Aber immerhin wird es in den Medien notiert. Die Rosa-Luxemburg-Konferenz hat es da schon schwerer. Nur wenn irgendeine Sendeanstalt acht Wochen nach der Konferenz entdeckt, daß eine Grußadresse von Christian Klar verlesen wurde, schafft es auch dieses Ereignis tagelang in die Nachrichtensendungen beispielsweise des ZDF. Nur zwei überregionale Tageszeitungen erwähnen in diesem Jahr die Veranstaltuung.

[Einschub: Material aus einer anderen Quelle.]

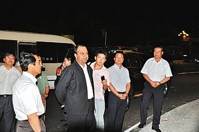 ■烏魯木齊市市長吉爾拉.衣沙木丁(左二),市委常委、常務副市長張鴻(左一),副市長李宏斌(右二)一同視察市政市容建設情況。
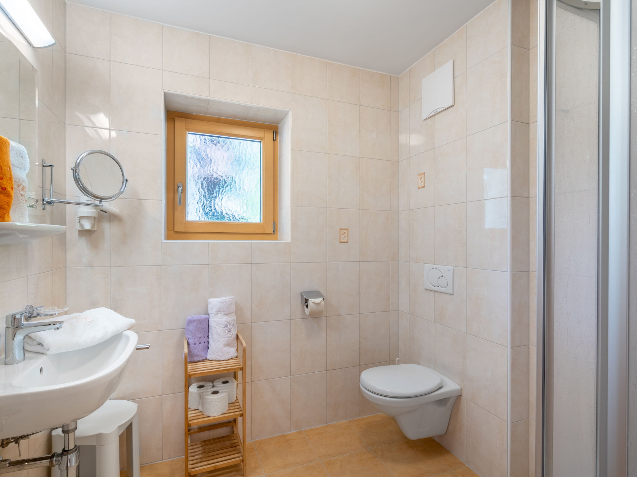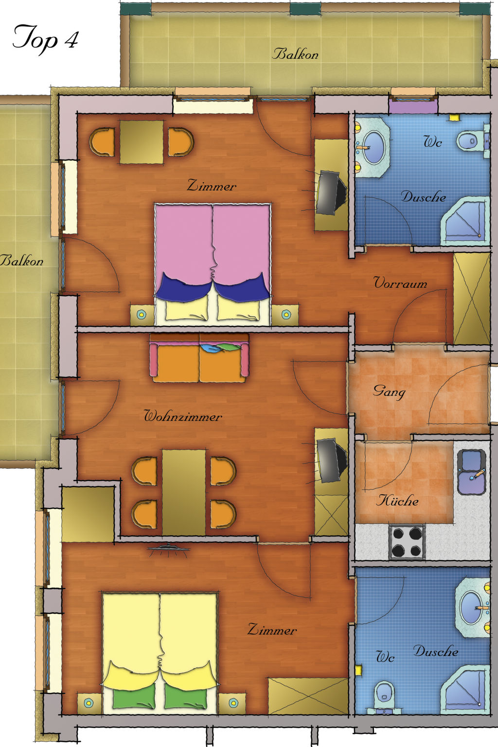 3-Zimmer-Wohnung, 1. Etage, ca. 60 m². Wohnraum mit Sitzcouch, Essplatz und Balkonausgang. Küche (4 Ceranfelder, Mikrowelle mit Grillfunktion, Geschirrspüler, Kühlschrank, Kaffeemaschine, Wasserkocher, Toaster). 2 Doppelzimmer, jeweils mit Dusche/WC, eines davon mit Balkonausgang.

Allerdings kommen sie auch nur ihrer Chronistenpflicht nach, damit die eigenen Leserinnen und Leser nicht allzusehr meckern. Die taz bringt in einem Bericht über das politische Wochenende in ihrem Lokalteil gerade mal zehn Sätze zur Konferenz unter, und selbst die sind nicht fehlerfrei (so wird Sara Flounders vom International Action Center mal flugs zur Sprecherin der US-KP ernannt). Der Hauptteil des Beitrages wird dann allerdings der Veranstaltung einer äußerst kreativen Person gewidmet. Jürgen Elsässer, einst Erfinder der Antideutschen, wurde offensichtlich von einem Alien geküßt und will nun keine Klassen mehr kennen, sondern nur noch Deutsche, die gemeinsam Nation und Kapital schützen. Dazu hat er sich »aus dem linken Getto« verabschiedet und eine Volksfront-Initiative gegründet, die er am Samstag vergangener Woche in einer Westberliner Szenekneipe vorstellte. Überschrieben ist der taz-Artikel »Linke müssen Überstunden leisten« – was aber knapp drei Viertel des Berichtes, der sich mit dem neuesten esoterischen Mist Elsässers beschäftigt, mit links zu tun haben soll, versteht offensichtlich selbst der taz-Autor nicht. Gut, daß es da noch das Neue Deutschland gibt, denn die Tageszeitung war das einzige überregionale Medium, das neben der jungen Welt am Montag über die Luxemburg-Konferenz berichtet hat. Allerdings genügten dem ND dazu ganze drei Sätze, obwohl beispielsweise sein Herausgeber Lothar Bisky Teilnehmer der Podiumsdiskussion zur Europäischen Union war.